There is a major preference for using use, because it happens at an earlier state BEGIN {} during compilation, and the errors tend to be propagated to the user at a more appropriate time. It also calls the sub import {} function which gives the caller control over the import process. This is something that is heavily used. You can get the same effect, by calling the specific namespace's import, but that requires you to know the name of the namespace, and the file, and to code the call to the subroutine... which is a lot more work. Conversely, use, just requires you to know the namespace, and then it requires the file with the matching namespace -- thus making the link between namespaces and files less of an conscious to the user.
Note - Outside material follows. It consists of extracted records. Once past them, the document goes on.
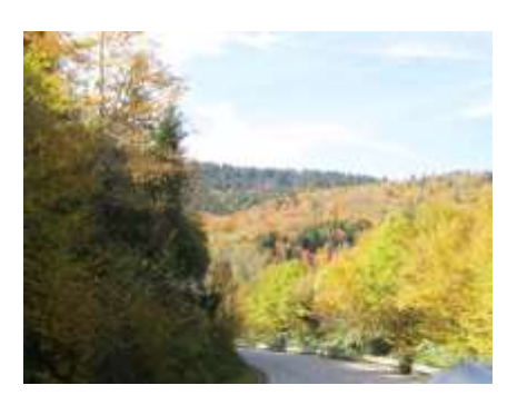
Submitted By: Stanley Rinehart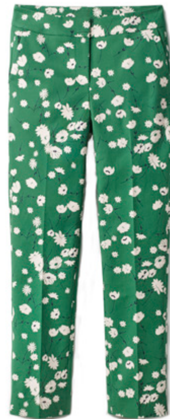
Boden 78th Trousers £75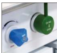
Gas outlet/valve type and location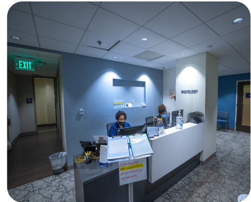
Radiology check-in desk on the 8th floor of Building 2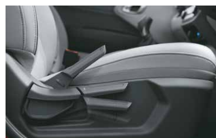
Driver seat height adjuster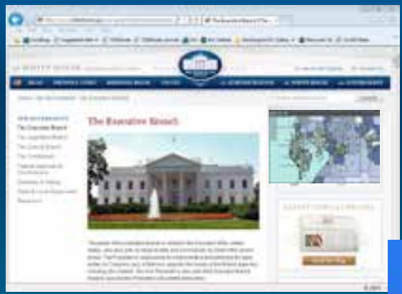
Internet / Browser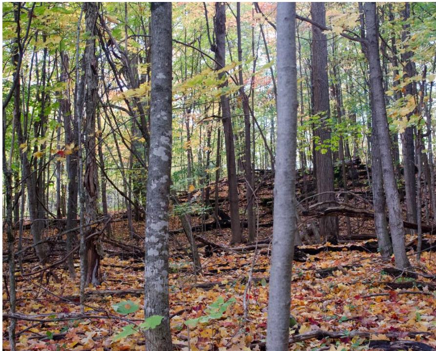
Photo 1 – Upland maple forest in the northwest portion of the site. View looking southwest

Wildlife observed during the field surveys included wild turkey with immatures, song sparrow, northern flicker, eastern kingbird, American robin, eastern phoebe, least flycatcher, great-crested flycatcher, European starling, common grackle, red-winged blackbird, common yellowthroat, yellow warbler, brown thrasher, American woodcock, American crow, American goldfinch, mourning dove, black-capped chickadee, northern cardinal, blue jay, eastern chipmunk, red squirrel, woodchuck, and white-tailed deer tracks. A few of the sugar maples in a former west-east hedgerow in the south portion of the upland maple deciduous forest contained potential wildlife cavities and a large snag was also present here. A few rock piles which may provide snake hibernacula were noted in the cultural thickets and along the edges of the meadow habitats. No snakes were observed during the 2020 field surveys, with one garter snake noted in the 2012 surveys as part of the natural heritage component of the Highway 7 South Conceptual Development Plan. This observation was approximately 450 metres to the northeast of the northeast corner of the current site.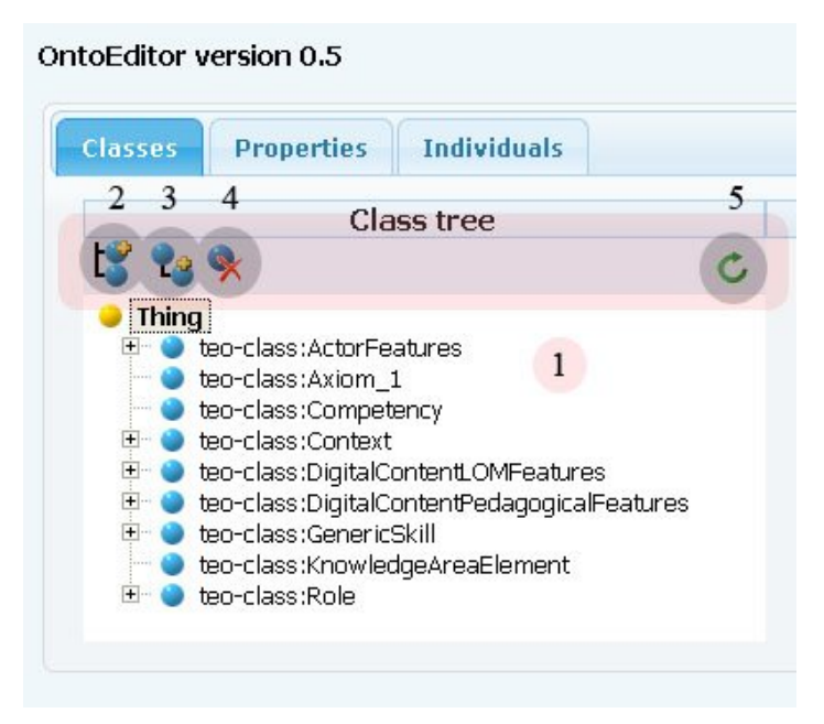
Fig.3. User interface of OntoEditor

We have developed the following classes in PHP that are used by the editor:

Read perldoc -f use, and perldoc -f require, for more information. Per perldoc -f use:
use is the same as BEGIN { require Module; Module->import( LIST ); } Which is just a lot more ugly.
The main difference is around import/export. use is preferred when you're making use of a module because it allows you to specify which routines you wish to import into your namespace :
use MyModule qw(foo bar baz); # allows foo(), bar() and baz() to be used
use MyModule qw(); # Requires explicit naming (e.g. MyModule::foo).
use also gives runs the module's import() procedure which is often used to set the module up.
See the perldoc for use for more detail.
Using use to module will include module during compile time which increases speed but uses more memory, whereas using require module will include during run time. Requiring a module without using import when needed uses less memory but reduces speed.